[Assignment] Restate each record word for word, omitting whatever pictures it holds.

[Input data]
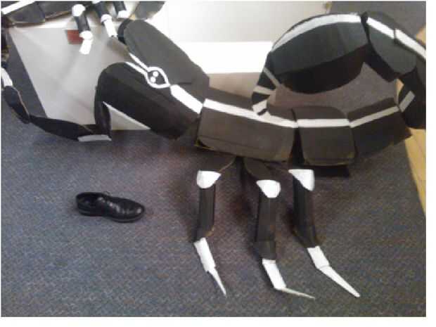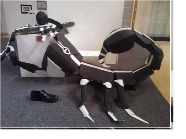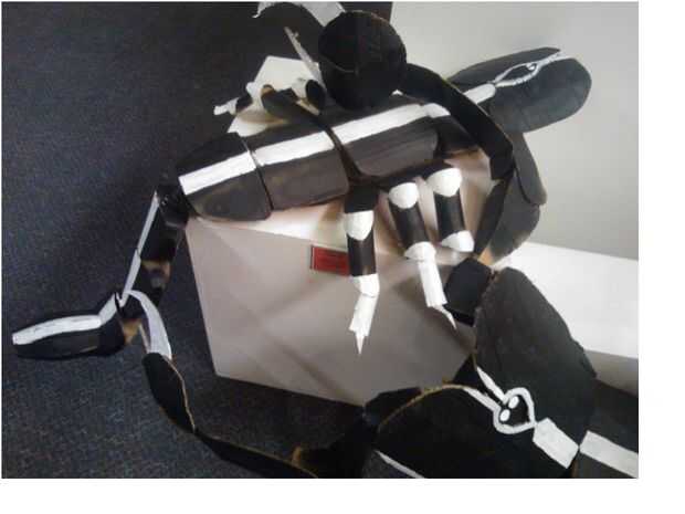 Mi escultura de escorpión fue inspirado por una reciente visita a un museo local que se exhibe una gran selección de anamatronic animales, incluyendo insectos. Decidí que en lugar de construir un modelo de anamatronic me hacen una reconstrucción del escorpión de cartón pero le dan una chispa personal haciendo dos escorpiones en vez de uno y ponerlos en una posición de combate muy dinámica que permite al espectador imaginar el movimiento de los animales. Yo también había pintado con franjas de carreras anormal por lo que puede transmitir aún más una sensación de movimiento.
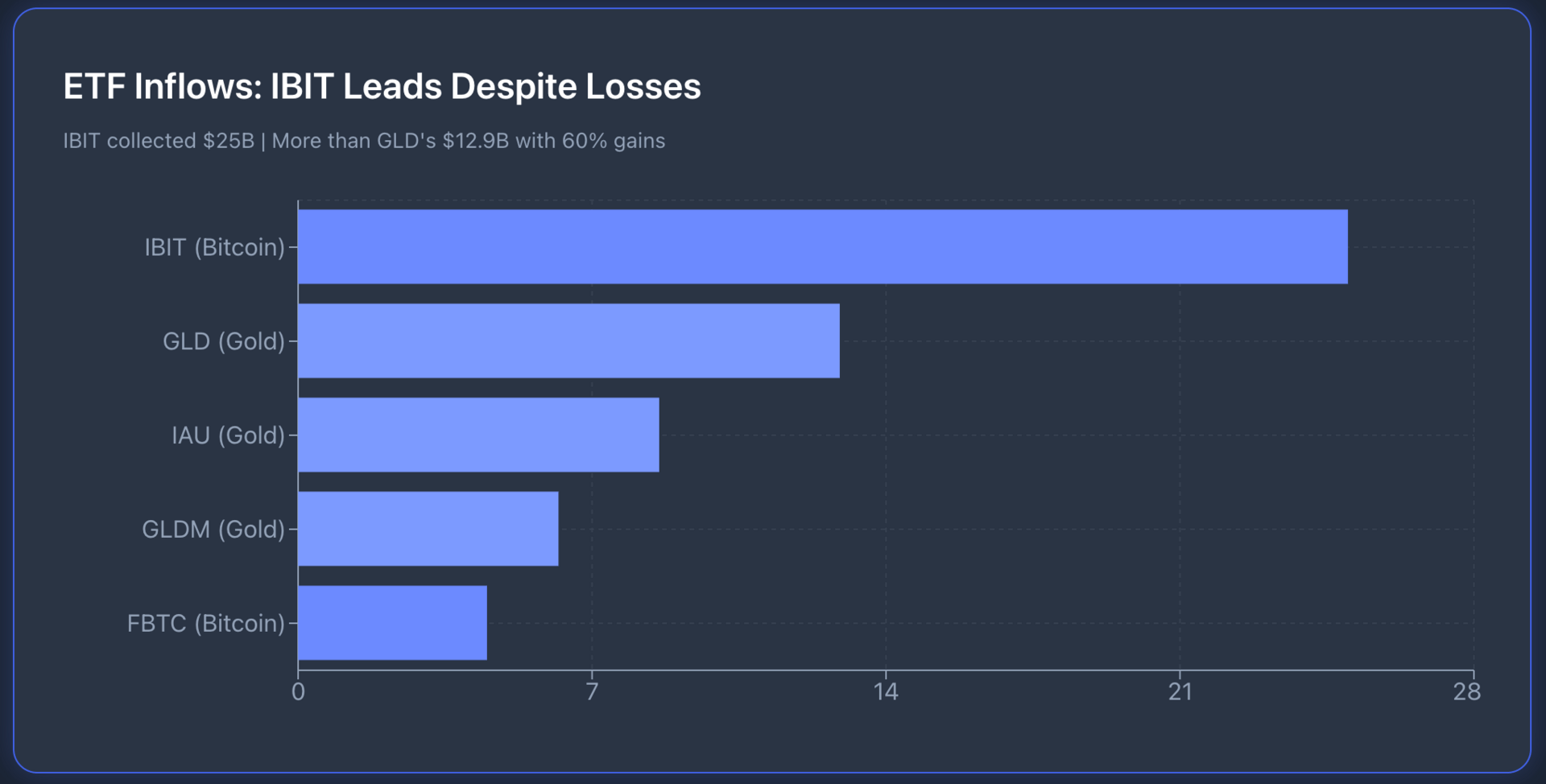 But the full story is more complex. Bitcoin ETFs attracted massive capital despite falling prices. IBIT collected $25 billion, more than GLD with its 60% gain. ETF holders didn't sell during the 36% correction. AUM fell only 3.6%.
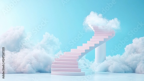 A whimsical pink staircase ascends through fluffy clouds against a bright sky, evoking a dreamy, surreal atmosphere.
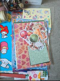 set materiale creativo ,scrapbooking, journaling, beauty c'è un po di tutto ,adesivi ,stikers,fogli colorati e decorati, penne ,quadernini,fustellati ecc..
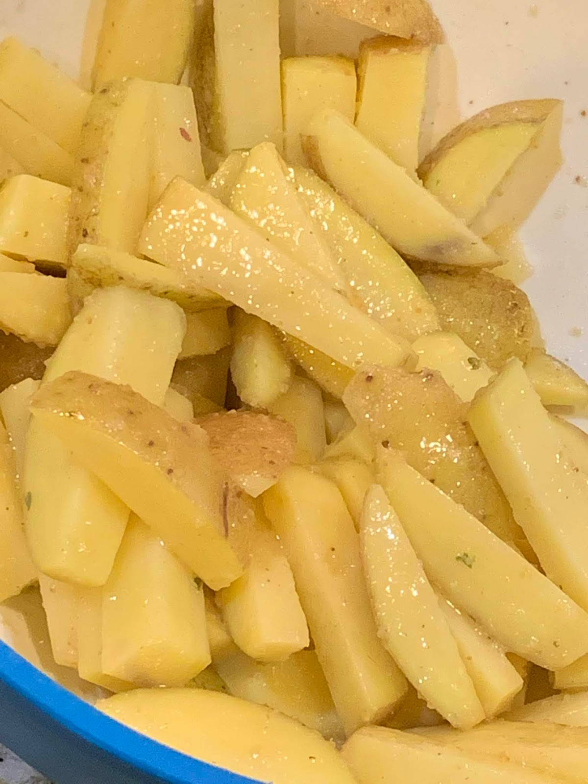 4 small russet potatoes, cut lengthwise in as even sized fries as you can
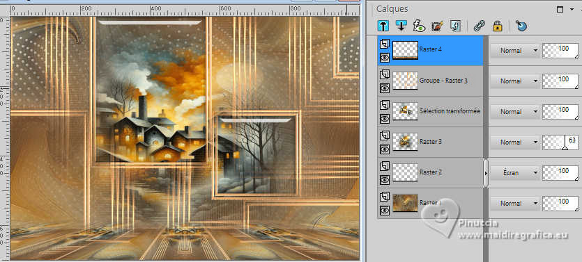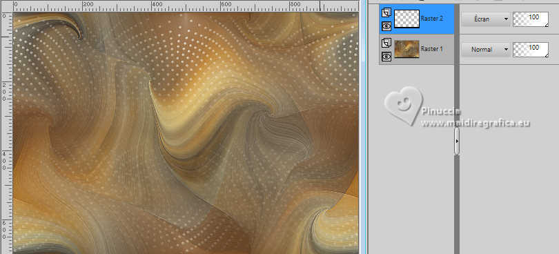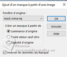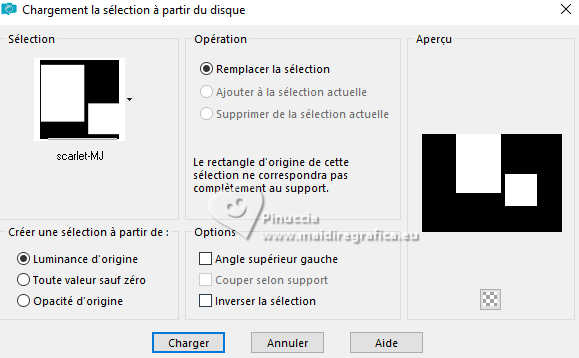 Pour traduire ce tutoriel j'ai utilisé PSPX9 et PSP2020, mais il peut également être exécuté avec les autres versions. Suivant la version utilisée, vous pouvez obtenir des résultats différents. Depuis la version X4, la fonction Image>Miroir a été remplacée par Image>Renverser horizontalement, et Image>Renverser avec Image>Renverser verticalement . Dans les versions X5 et X6, les fonctions ont été améliorées par la mise à disposition du menu Objets. Avec la nouvelle version X7, nous avons encore Image>Miroir et Image>Renverser/Retourner, mais avec nouvelles différences. Voir les détails à ce sujet ici Certaines dénominations ont changées entre les versions de PSP. Les plus frequentes dénominations utilisées: ![]() English translation here Vos versions ici![]() Nécessaire pour réaliser ce tutoriel: ![]() Misted après une image de Marika Fantasy, merci. (ici les liens vers les sites des créateurs du matériel) ![]() consulter, si nécessaire, ma section des filtres ici Filters Unlimited 2.0 ici Mura's Meister - Perspective Tiling ici Simple - Top Left Mirror ici Alien Skin Eye Candy 5 Impact - Glass ici Alien Skin Eye Candy 5 Texture - Swirl ici AAA Frames - Foto Frame ici Filtres Simple peuvent être utilisés seuls ou importés dans Filters Unlimited. voir comment le faire ici. Si un filtre est fourni avec cette icône, ![]() en fonction des couleurs utilisées, vous pouvez changer le mode mélange et l'opacité des calques. Dans les plus récentes versions de PSP, vous ne trouvez pas le dégradé d'avant plan/arrière plan ou Corel_06_029. Vous pouvez utiliser le dégradés des versions antérieures. Ici le dossier Dégradés de CorelX. Placer les presets En cliquant sur le preset une ou deux fois (selon vos réglages) automatiquement il se placera directement dans le dossier Settings de Alien Skin Eye Candy. pourquoi un ou deux clic voir ici ![]() Placer le preset Emboss 3 dans le dossier Paramètres par défaut. Placer la sélection dans le dossier Sélections. Ouvrir le masque dans PSP et le minimiser avec le reste du matérie. Placer en avant plan la couleur #f4b176, et en arrière plan la couleur #4c2606. ![]() Préparer en avant plan un dégradé de premier plan/arrière plan, style Linéaire. ![]() 1. Ouvrir une nouvelle image transparente 1000 x 700 pixels. Remplir l'image transparente du dégradé.2. Sélections>Sélectionner tout. Ouvrir le misted misted-scalet-MJ ![]() Édition>Copier. Revenir sur votre travail et Édition>Coller dans la sélection. Sélections>Désélectionner tout. 3. Effets>Effets d'image>Mosaïque sans jointures. ![]() 4. Effets>Modules Externes>Alien Skin Eye Candy 5 Texture - Swirl. Sélectionner le preset scarlet-swirl-MJ ![]() 5. Effets>Effets de bords>Accentuer davantage. 6. Ouvrir deco-lucien-2-MJ ![]() Édition>Copier. Revenir sur votre travail et Édition>Coller comme nouveau calque. Placer le calque en mode Écran. ![]() 7. Calques>Nouveau calque raster. Placer en avant plan la Couleur. Remplir le calque avec la couleur claire d'avant plan.8. Calques>Nouveau calque de masque>A partir d'une image. Ouvrir le menu deroulant sous la fenêtre d'origine et vous verrez la liste des images ouvertes. Sélectionner le masque mask-nena-mj Inverser les données du masque coché. ![]() Calques>Fusionner>Fusionner le groupe. 9. Effets>Filtre personnalisé - Emboss 3. ![]() 10. Activer à nouveau le misted et Édition>Copier. Revenir sur votre travail et Édition>Coller comme nouveau calque. Calques>Agencer>Déplacer vers le bas. 11. Sélections>Charger/Enregistrer une sélection>Charger à partir du disque. Chercher et charger la sélection scarlet-MJ ![]() Sélections>Transformer la sélection en calque. 12. Effets>Modules Externes>Alien Skin Eye Candy 5 Impact - Glass. Sélectionner le preset glass-scarlet-MJ Si vous utilisez des autres couleurs, changez Glass Color avec votre couleur claire ![]() Sélections>Désélectionner tout. 13. Vous positionner sur le calque du misted, Raster 3. Réduire l'opacité de ce calque +/-63%. 14. Vous positionner sur le calque du masque Groupe-Raster 3. Édition>Copie Spéciale>Copier avec fusion Édition>Coller comme nouveau calque. 15. Effets>Modules Externes>Mura's Meister - Perspective Tiling. ![]() 16. Activer l'outil Baguette Magique , progressivité 70%,et cliquer dans la partie transparente pour la sélectionner. Presser +/-10 fois CANC sur le clavier ![]() Sélections>Désélectionner tout. 17. Effets>Effets de réflexion>Miroir rotatif. ![]() La tag et le calques - Mode Mélange et opacité en fonction de votre travail ![]() 18. Ouvrir le tube scarlet-MJ ![]() Effacer le watemark et Édition>Copier. Revenir sur votre travail et Édition>Coller comme nouveau calque. Positionner le tube à gauche, ou à votre goût.Effets>Effets 3D>Ombre portée, à choix. 19. Ouvrir le déco vaso-deco-MJ ![]() Effacer le watermark et Édition>Copier. Revenir sur votre travail et Édition>Coller comme nouveau calque. Image>Redimensionner, à 35%, redimensionner tous les calques décoché. Déplacer le tube à droite, ou à votre goût Effets>Effets 3D>Ombre portée, à choix. Vous positionner sur le calque Raster 1. Édition>Copier Édition>Coller comme nouvelle image (pour sécurité). 20. Image>Ajouter des bordures, 1 pixel, symétrique, couleur foncée d'arrière plan. Image>Ajouter des bordures, 1 pixel, symétrique, couleur claire d'avant plan. Image>Ajouter des bordures, 1 pixels, symétrique, couleur foncée d'arrière plan. 21. Sélections>Sélectionner tout. Image>Ajouter des bordures, 50 pixels, symétrique, couleur blanche. 22. Sélections>Inverser. Édition>Coller dans la sélection - l'image copiée à l'étape 19 est encore en mémoire. 23. Effets>Modules Externes>Simple - Top Left Mirror. ![]() 24. Effets>Effets de distorsion>Vent - vers la droite, intensité 100. ![]() 25. Effets>Effets de réflexion>Miroir rotatif, par défaut. ![]() 26. Réglage>Netteté>Davantage de netteté. 27. Sélecti

[Response area]
 Mi escultura de escorpión fue inspirado por una reciente visita a un museo local que se exhibe una gran selección de anamatronic animales, incluyendo insectos. Decidí que en lugar de construir un modelo de anamatronic me hacen una reconstrucción del escorpión de cartón pero le dan una chispa personal haciendo dos escorpiones en vez de uno y ponerlos en una posición de combate muy dinámica que permite al espectador imaginar el movimiento de los animales. Yo también había pintado con franjas de carreras anormal por lo que puede transmitir aún más una sensación de movimiento.
 But the full story is more complex. Bitcoin ETFs attracted massive capital despite falling prices. IBIT collected $25 billion, more than GLD with its 60% gain. ETF holders didn't sell during the 36% correction. AUM fell only 3.6%.
 A whimsical pink staircase ascends through fluffy clouds against a bright sky, evoking a dreamy, surreal atmosphere.
 set materiale creativo ,scrapbooking, journaling, beauty c'è un po di tutto ,adesivi ,stikers,fogli colorati e decorati, penne ,quadernini,fustellati ecc..
 4 small russet potatoes, cut lengthwise in as even sized fries as you can
 Pour traduire ce tutoriel j'ai utilisé PSPX9 et PSP2020, mais il peut également être exécuté avec les autres versions. Suivant la version utilisée, vous pouvez obtenir des résultats différents. Depuis la version X4, la fonction Image>Miroir a été remplacée par Image>Renverser horizontalement, et Image>Renverser avec Image>Renverser verticalement . Dans les versions X5 et X6, les fonctions ont été améliorées par la mise à disposition du menu Objets. Avec la nouvelle version X7, nous avons encore Image>Miroir et Image>Renverser/Retourner, mais avec nouvelles différences. Voir les détails à ce sujet ici Certaines dénominations ont changées entre les versions de PSP. Les plus frequentes dénominations utilisées: ![]() English translation here Vos versions ici![]() Nécessaire pour réaliser ce tutoriel: ![]() Misted après une image de Marika Fantasy, merci. (ici les liens vers les sites des créateurs du matériel) ![]() consulter, si nécessaire, ma section des filtres ici Filters Unlimited 2.0 ici Mura's Meister - Perspective Tiling ici Simple - Top Left Mirror ici Alien Skin Eye Candy 5 Impact - Glass ici Alien Skin Eye Candy 5 Texture - Swirl ici AAA Frames - Foto Frame ici Filtres Simple peuvent être utilisés seuls ou importés dans Filters Unlimited. voir comment le faire ici. Si un filtre est fourni avec cette icône, ![]() en fonction des couleurs utilisées, vous pouvez changer le mode mélange et l'opacité des calques. Dans les plus récentes versions de PSP, vous ne trouvez pas le dégradé d'avant plan/arrière plan ou Corel_06_029. Vous pouvez utiliser le dégradés des versions antérieures. Ici le dossier Dégradés de CorelX. Placer les presets En cliquant sur le preset une ou deux fois (selon vos réglages) automatiquement il se placera directement dans le dossier Settings de Alien Skin Eye Candy. pourquoi un ou deux clic voir ici ![]() Placer le preset Emboss 3 dans le dossier Paramètres par défaut. Placer la sélection dans le dossier Sélections. Ouvrir le masque dans PSP et le minimiser avec le reste du matérie. Placer en avant plan la couleur #f4b176, et en arrière plan la couleur #4c2606. ![]() Préparer en avant plan un dégradé de premier plan/arrière plan, style Linéaire. ![]() 1. Ouvrir une nouvelle image transparente 1000 x 700 pixels. Remplir l'image transparente du dégradé.2. Sélections>Sélectionner tout. Ouvrir le misted misted-scalet-MJ ![]() Édition>Copier. Revenir sur votre travail et Édition>Coller dans la sélection. Sélections>Désélectionner tout. 3. Effets>Effets d'image>Mosaïque sans jointures. ![]() 4. Effets>Modules Externes>Alien Skin Eye Candy 5 Texture - Swirl. Sélectionner le preset scarlet-swirl-MJ ![]() 5. Effets>Effets de bords>Accentuer davantage. 6. Ouvrir deco-lucien-2-MJ ![]() Édition>Copier. Revenir sur votre travail et Édition>Coller comme nouveau calque. Placer le calque en mode Écran. ![]() 7. Calques>Nouveau calque raster. Placer en avant plan la Couleur. Remplir le calque avec la couleur claire d'avant plan.8. Calques>Nouveau calque de masque>A partir d'une image. Ouvrir le menu deroulant sous la fenêtre d'origine et vous verrez la liste des images ouvertes. Sélectionner le masque mask-nena-mj Inverser les données du masque coché. ![]() Calques>Fusionner>Fusionner le groupe. 9. Effets>Filtre personnalisé - Emboss 3. ![]() 10. Activer à nouveau le misted et Édition>Copier. Revenir sur votre travail et Édition>Coller comme nouveau calque. Calques>Agencer>Déplacer vers le bas. 11. Sélections>Charger/Enregistrer une sélection>Charger à partir du disque. Chercher et charger la sélection scarlet-MJ ![]() Sélections>Transformer la sélection en calque. 12. Effets>Modules Externes>Alien Skin Eye Candy 5 Impact - Glass. Sélectionner le preset glass-scarlet-MJ Si vous utilisez des autres couleurs, changez Glass Color avec votre couleur claire ![]() Sélections>Désélectionner tout. 13. Vous positionner sur le calque du misted, Raster 3. Réduire l'opacité de ce calque +/-63%. 14. Vous positionner sur le calque du masque Groupe-Raster 3. Édition>Copie Spéciale>Copier avec fusion Édition>Coller comme nouveau calque. 15. Effets>Modules Externes>Mura's Meister - Perspective Tiling. ![]() 16. Activer l'outil Baguette Magique , progressivité 70%,et cliquer dans la partie transparente pour la sélectionner. Presser +/-10 fois CANC sur le clavier ![]() Sélections>Désélectionner tout. 17. Effets>Effets de réflexion>Miroir rotatif. ![]() La tag et le calques - Mode Mélange et opacité en fonction de votre travail ![]() 18. Ouvrir le tube scarlet-MJ ![]() Effacer le watemark et Édition>Copier. Revenir sur votre travail et Édition>Coller comme nouveau calque. Positionner le tube à gauche, ou à votre goût.Effets>Effets 3D>Ombre portée, à choix. 19. Ouvrir le déco vaso-deco-MJ ![]() Effacer le watermark et Édition>Copier. Revenir sur votre travail et Édition>Coller comme nouveau calque. Image>Redimensionner, à 35%, redimensionner tous les calques décoché. Déplacer le tube à droite, ou à votre goût Effets>Effets 3D>Ombre portée, à choix. Vous positionner sur le calque Raster 1. Édition>Copier Édition>Coller comme nouvelle image (pour sécurité). 20. Image>Ajouter des bordures, 1 pixel, symétrique, couleur foncée d'arrière plan. Image>Ajouter des bordures, 1 pixel, symétrique, couleur claire d'avant plan. Image>Ajouter des bordures, 1 pixels, symétrique, couleur foncée d'arrière plan. 21. Sélections>Sélectionner tout. Image>Ajouter des bordures, 50 pixels, symétrique, couleur blanche. 22. Sélections>Inverser. Édition>Coller dans la sélection - l'image copiée à l'étape 19 est encore en mémoire. 23. Effets>Modules Externes>Simple - Top Left Mirror. ![]() 24. Effets>Effets de distorsion>Vent - vers la droite, intensité 100. ![]() 25. Effets>Effets de réflexion>Miroir rotatif, par défaut. ![]() 26. Réglage>Netteté>Davantage de netteté. 27. Sélecti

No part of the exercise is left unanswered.